Crypto Losses and Tax Relief in the UK — How to Claim, Carry Forward, and Offset
Capital losses on crypto reduce your CGT bill — but only if you report them. How loss carry-forward works, negligible value claims for rug pulls, the B&B trap, and exactly what goes on SA108.
Your portfolio is down. A token you bought at £2,000 is worth £400. That DeFi protocol you ape'd into pulled the rug. Your LP position bled out to impermanent loss.
Most people miss this: those losses are worth money. Capital losses reduce your tax bill — but only if you report them correctly. HMRC doesn't apply them automatically. You have to claim them, and the rules for how they offset gains are specific and unforgiving.
This guide covers everything: how crypto losses work under UK tax law, how to carry them forward, how to claim a loss on a worthless token without selling it, and the traps that can silently invalidate your loss. If you have losses sitting in your portfolio, read this before you file.
When does a crypto loss arise?
A capital loss arises when you dispose of a crypto-asset and the proceeds are less than the allowable cost. A disposal means selling, swapping, spending, or removing liquidity — anything where you give up a token in exchange for something else.

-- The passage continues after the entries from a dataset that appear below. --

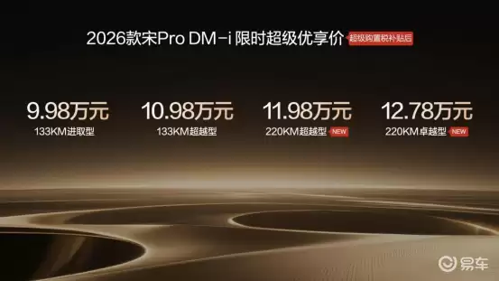 比亚迪近期推出了宋Pro DM-i 2026款长续航版本,以9.98万元至12.78万元的限时售价,精准切入A级插混SUV市场。这款新车通过电池技术的升级与智能生态的深度融合,重新定义了家庭用车在实用经济性与多场景适应性方面的标准,堪称同级市场中纯电续航里程的新标杆。
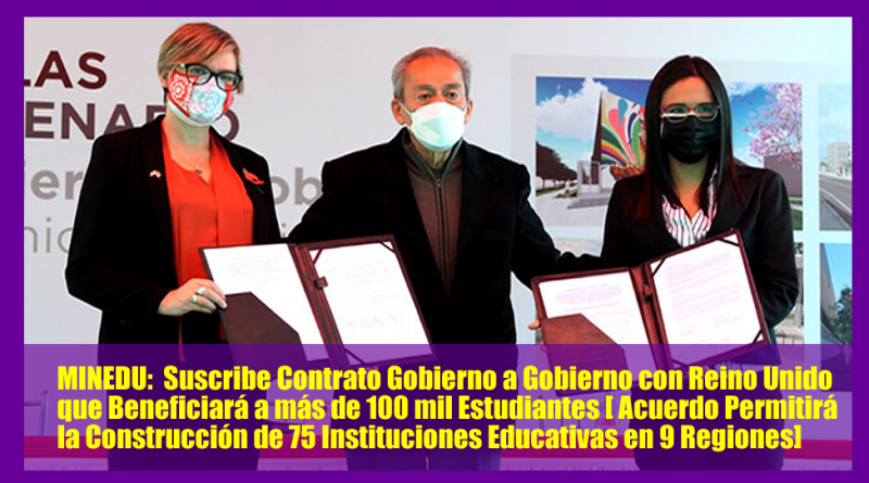MINEDU: Suscribe Contrato Gobierno a Gobierno con Reino Unido que Beneficiará a más de 100 mil Estudiantes [ Acuerdo Permitirá la Construcción de 75 Instituciones Educativas en 9 Regiones][Mas Información Aquí]
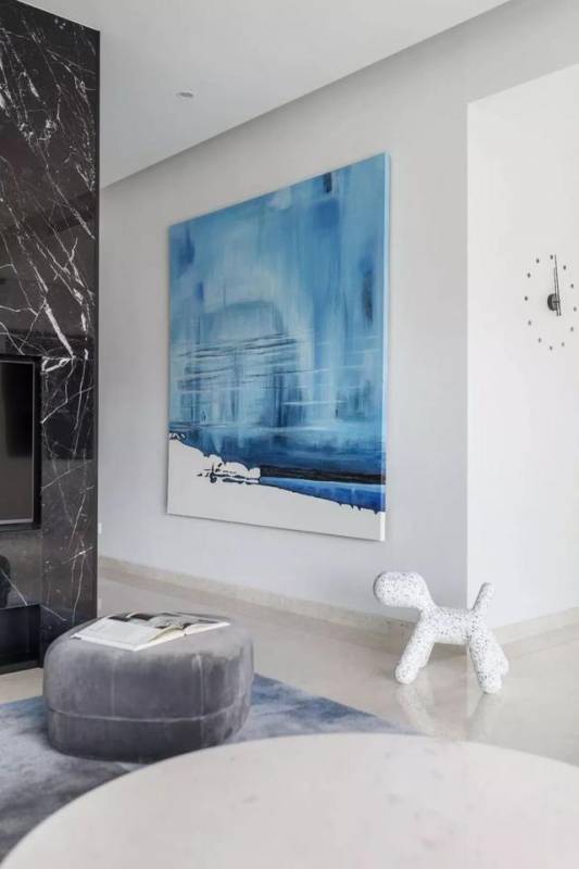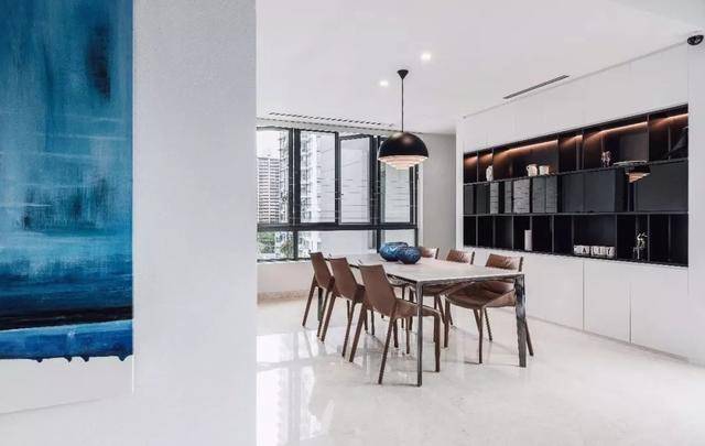 空间整体的中性浅色调,亦营造出最干净温和的视觉观感,同时辅之较大面积的靛蓝色块与之搭配,用冷调降低新加坡四季炎夏的灼热感。
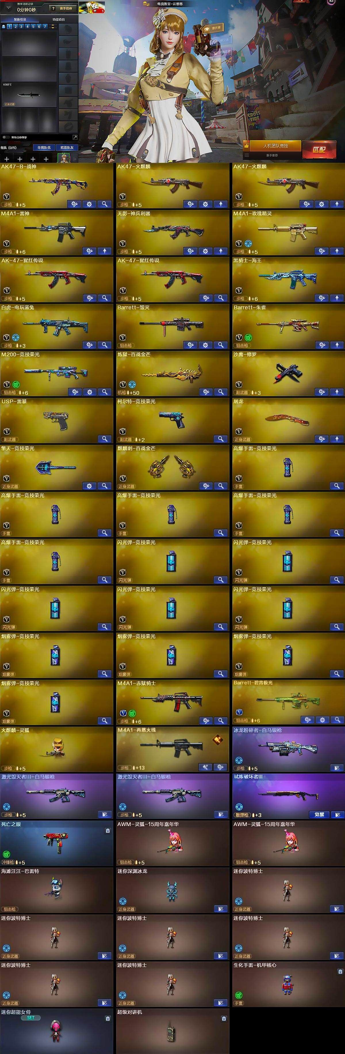 - [12321329]3粉装 10特效枪 2载具 5印记 可二次 可修改实名 优质装备:帕加尼imola(艺术银),M249彩虹甜喵(M249-彩虹甜喵),AKM绿萝繁花,SCAR-L-锦绣绵绵,M416电玩时刻,M762-青锋波束,GROZA-镜光银凌,樱桃泡泡,MK14-樱桃泡泡,羊梦糖心,Kar98K-巳巳如意 热门装扮:蜜语绒猫 载具:冰绡玉鳞 稀有枪皮:SCAR-L-魔童闹海 哪吒,DP-28-豹影疾电 五级特效枪:五级M762-青锋波束,五级GROZA-镜光银凌,五级Kar98K-巳巳如意,五级M416-电玩时刻,五级SCAR-L-锦绣绵绵,五级AKM-绿萝繁花 四级特效枪:四级DP-28-豹影疾电,四级MK14-樱桃泡泡,四级M249-彩虹甜喵 三级特效枪:三级SCAR-L-魔童闹海 哪吒 紫色装扮:SS23特训,SS31特训套装,雪绒豹,SS33特训套装,青涩时光,SS21特训,田园牧歌,轻风白浪,SS22特训,吉莉礼服,幻世战舞者,幻影武者,冰川特警,萌趣咩咩,娇憨猪猪,星辰守护者,SS16特训,SS17特训,SS14特训,SS15特训,SS20特训,醇脆可可,甜心亚梦,虚音幻奏,SS18特训,SS19特训,魅力单车,麻辣教官,黄色伏地魔,黄色运动,龙的传人,龟仙人,冰河战士,龙魂突击队,蝶变,霓虹街区,都市漫游者,酒红色名流,长空猛禽,绛羽幽主,湖蓝色名流,灰色格斗者,牛气冲天,牛气满满,海岛探路者,柠萌假日,竞技达人朋克,缤纷果语,耀眼新星,蓝彩潮人,虎虎生威吉莉,特殊使命,特训学院,王牌教练,甜蜜告白,空岛之星,疯狂小兔子,破晓战魂,破蛋小黄鸡,福星高照,萝兰蝴蝶,SS29特训,雏菊兔兔,SS28特训,湖畔霞光,鱼渊荷华,玉兔迎春,燕燕于飞,巳巳如意,海琴烟,竞技名士,惊鸿侠骨,SS24特训(SS24特训套装),SS25特训,元气发射,锦衣飞扬,冰公主,SS27特训,菲菲,焰鹰斗篷,幻羽潜行,幽夜迷踪,晨曦薄雾,SS26特训,春光漫游,快闪甜心,贝斯之夜,智慧之神,风华少年志,SS12特训,SS13特训,耀粉歌者,SS32特训服(SS32特训套装),青玉碎影,蓝冰羽,绯格组合,萌黄之夏,紫幽梦,蜜桃派对,新风雅兰,银月精灵 优质战备:圣堂之誓降落伞,精灵梦叶罗丽降落伞,电糖天使降落伞,忍者神龟降落伞,圣斗士星矢降落伞,喜羊羊与灰太狼降落伞,飞天猪飞行器,鬼刀降落伞
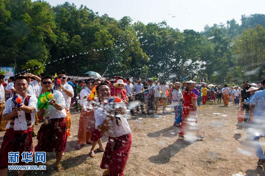 4月11日,在云南德宏傣族景颇族自治州芒市风平镇菲红村,群众在采花会上用水枪打水仗。当日,云南德宏傣族景颇族自治州芒市举行万人采花、对歌丢包、品尝千包饭等民俗体验活动,庆祝即将到来的泼水节。泼水节为傣族的新年,是云南省德宏傣族景颇族自治州傣族、德昂族最隆重的传统节日之一。新华社记者 胡超 摄

Disposal proceeds (GBP value at time of disposal)
minus Cost basis (what you originally paid, in GBP)
minus Gas fees (allowable cost under HMRC rules)
= Capital gain or loss
If the result is negative, you have a capital loss. Gas fees are an allowable cost — they increase the loss, which is correct. HMRC treats them as incidental costs of disposal.
Important
An unrealised loss (your token dropped in value but you haven't disposed of it) is not a capital loss. HMRC only cares about the moment of disposal. The exception is negligible value claims — covered below.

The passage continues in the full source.